Below are records with pictures. Transcribe exactly, and only, the lines from the line with "Поврежденная крыша в Рубцовске." to the line with "Vargpar etablerat i länet sid. 14", both ends included, but not the pictures.

● Data:

————————

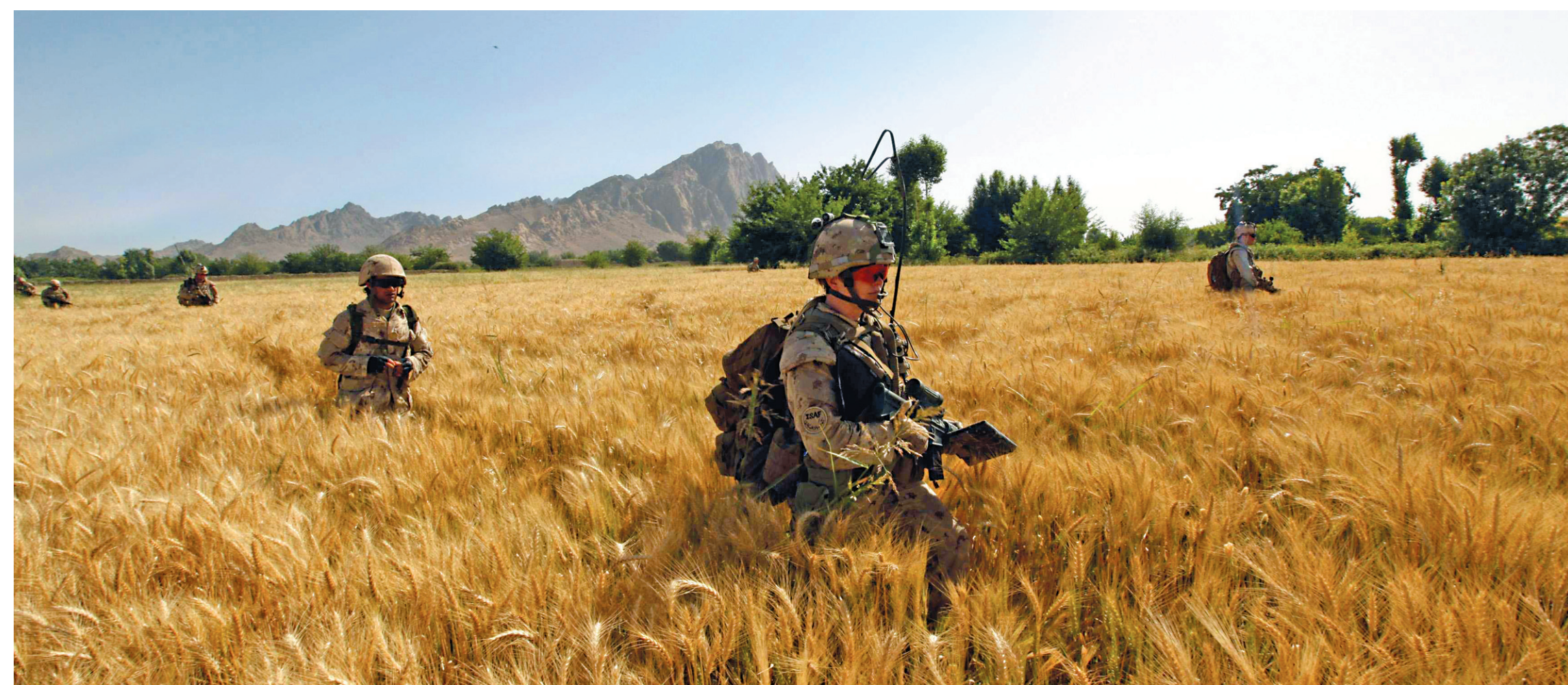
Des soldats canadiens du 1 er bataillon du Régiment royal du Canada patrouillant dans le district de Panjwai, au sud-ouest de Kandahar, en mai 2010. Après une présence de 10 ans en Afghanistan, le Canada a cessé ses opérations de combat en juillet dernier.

————————

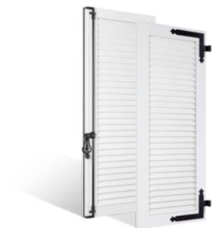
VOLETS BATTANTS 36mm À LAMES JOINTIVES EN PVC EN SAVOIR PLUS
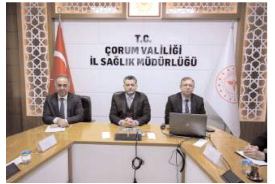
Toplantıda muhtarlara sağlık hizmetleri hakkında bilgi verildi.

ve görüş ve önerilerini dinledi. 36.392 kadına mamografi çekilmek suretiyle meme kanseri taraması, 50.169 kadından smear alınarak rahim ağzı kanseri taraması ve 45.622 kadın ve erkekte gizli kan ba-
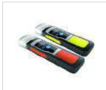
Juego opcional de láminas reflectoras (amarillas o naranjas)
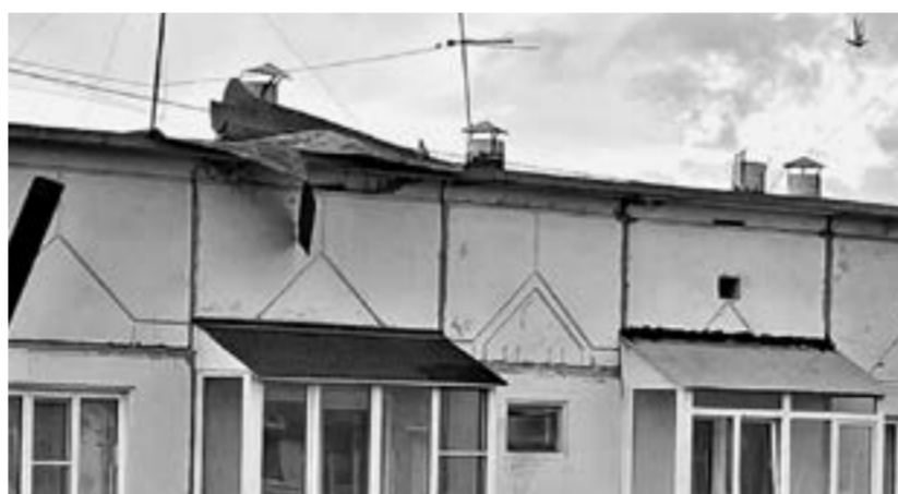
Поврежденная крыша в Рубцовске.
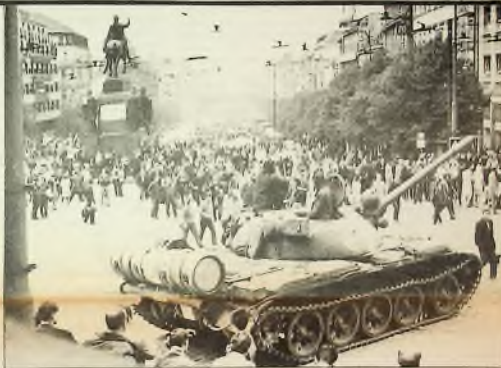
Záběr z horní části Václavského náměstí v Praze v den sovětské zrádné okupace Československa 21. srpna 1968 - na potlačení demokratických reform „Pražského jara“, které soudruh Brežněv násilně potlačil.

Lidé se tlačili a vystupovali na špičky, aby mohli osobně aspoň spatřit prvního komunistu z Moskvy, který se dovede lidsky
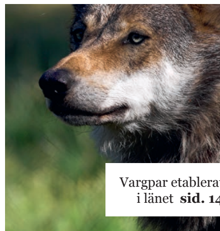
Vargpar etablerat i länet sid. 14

————————

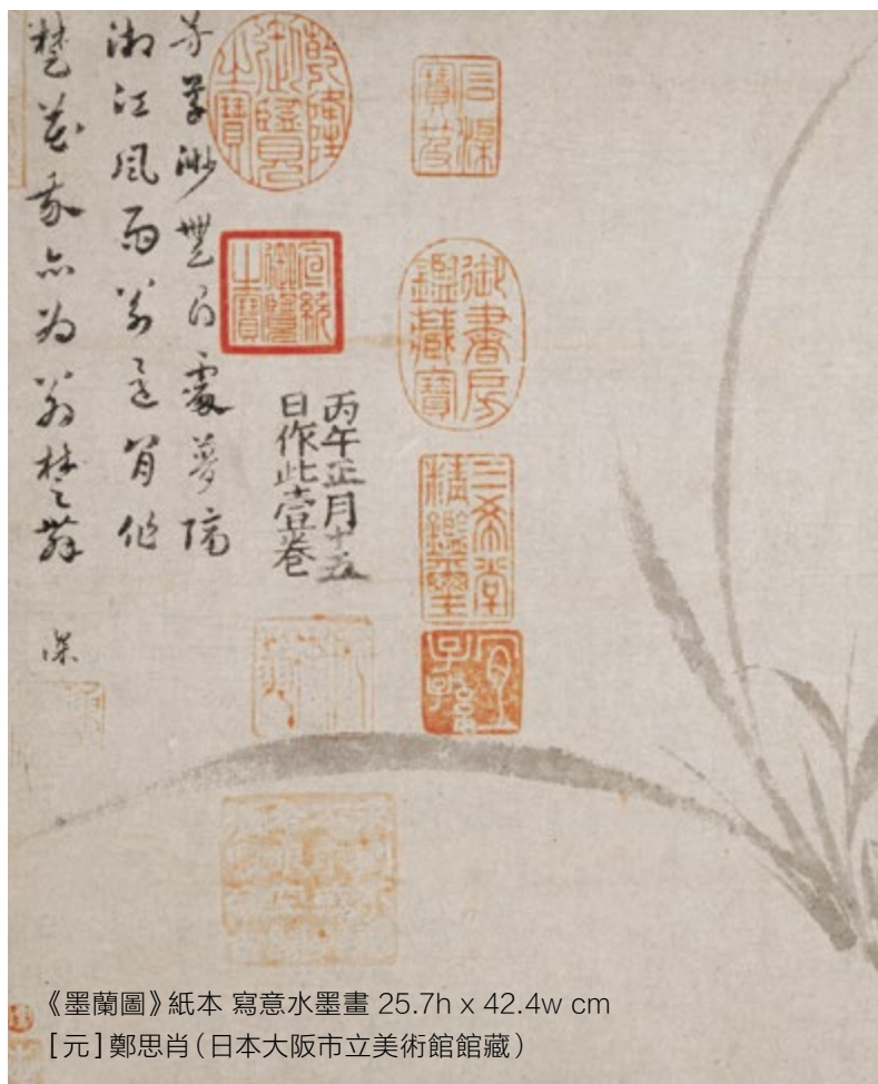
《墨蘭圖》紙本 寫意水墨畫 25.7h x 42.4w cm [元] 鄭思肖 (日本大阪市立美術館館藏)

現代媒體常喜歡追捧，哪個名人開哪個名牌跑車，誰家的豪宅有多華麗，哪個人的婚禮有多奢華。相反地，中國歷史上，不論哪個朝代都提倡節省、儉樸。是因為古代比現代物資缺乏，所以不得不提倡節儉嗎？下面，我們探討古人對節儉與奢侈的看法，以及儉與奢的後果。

————————

● Expected answer:
Поврежденная крыша в Рубцовске.
Záběr z horní části Václavského náměstí v Praze v den sovětské zrádné okupace Československa 21. srpna 1968 - na potlačení demokratických reform „Pražského jara“, které soudruh Brežněv násilně potlačil.

Lidé se tlačili a vystupovali na špičky, aby mohli osobně aspoň spatřit prvního komunistu z Moskvy, který se dovede lidsky
Vargpar etablerat i länet sid. 14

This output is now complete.